Clinton posed as mediator between the coup leaders and President Aristide to negotiate the return of Haiti’s democratically elected government. He took advantage of this role to use the threat of continued repression as a bargaining chip. While the US stalled, demanding more and more economic concessions – not-so-covert support for Haiti’s military regime – the junta continued murdering supporters of the constitutional government. Within this coerced context, Aristide resisted the US neoliberal plan.
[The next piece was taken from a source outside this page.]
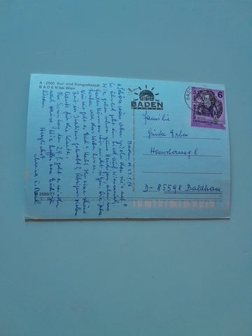 AK Baden bei Wien. Gruss vom Heurigen. Gelaufen. Großformat. Verlag: Meixner. Nummeriert: 2500/77. Zustand: gut.

He insisted that discussions demanded by the financial institutions for the proposed sales of state-owned enterprises include benefits for the poor – opportunities for co-ownership, funding for health and education, reparations to the victims of the coup. Aristide would later refuse to move forward with privatisation, disband the Haitian military over strong US objections, raise the minimum wage and bring paramilitary leaders charged with extra-judicial killings to justice.
By the time President Aristide returned to Haiti, the collapse of the country’s rice production was a fait accompli, victim of a long and deliberate US campaign waged against Haitian farmers in collusion with successive Haitian dictators and military regimes. Imported Miami rice constituted 80 percent of Haiti’s domestic consumption. Rice smuggling was common, enabled by the corrupt Cedras regime, which accepted bribes instead of enforcing tariffs.
Nothing changed after Clinton’s apology either. Haiti’s 2010 earthquake became yet another business opportunity for foreign corporations to overrun Haiti’s economy, while food aid, callously tossed off trucks to desperate Haitians, meant more revenue for US corporations. Nor should we let Clinton off the hook for forcibly repatriating thousands of Haitian “boat people” fleeing tyranny under the junta, and intercepting 12,000 other refugees who were illegally imprisoned at Guantanamo Bay.
Democracy and reparations
There are two opposing visions of Haiti’s future – one projected by Fanmi Lavalas benefits the poor majority; the other imposed by the United States and wealthy foreign nations enriches international corporations and the Haitian elite. What is clear is that Haiti’s people must prevail over foreign profits and the wealthy elite. This means real democracy and respect for Haitian sovereignty.
Democracy asks us to put the needs and rights of people at the centre of our endeavours. This means investing in people. Investing in people means first of all food, clean water, education and health care. These are basic human rights. It is the challenge of any real democracy to guarantee them – Jean-Bertrand Aristide, Eyes of the Heart.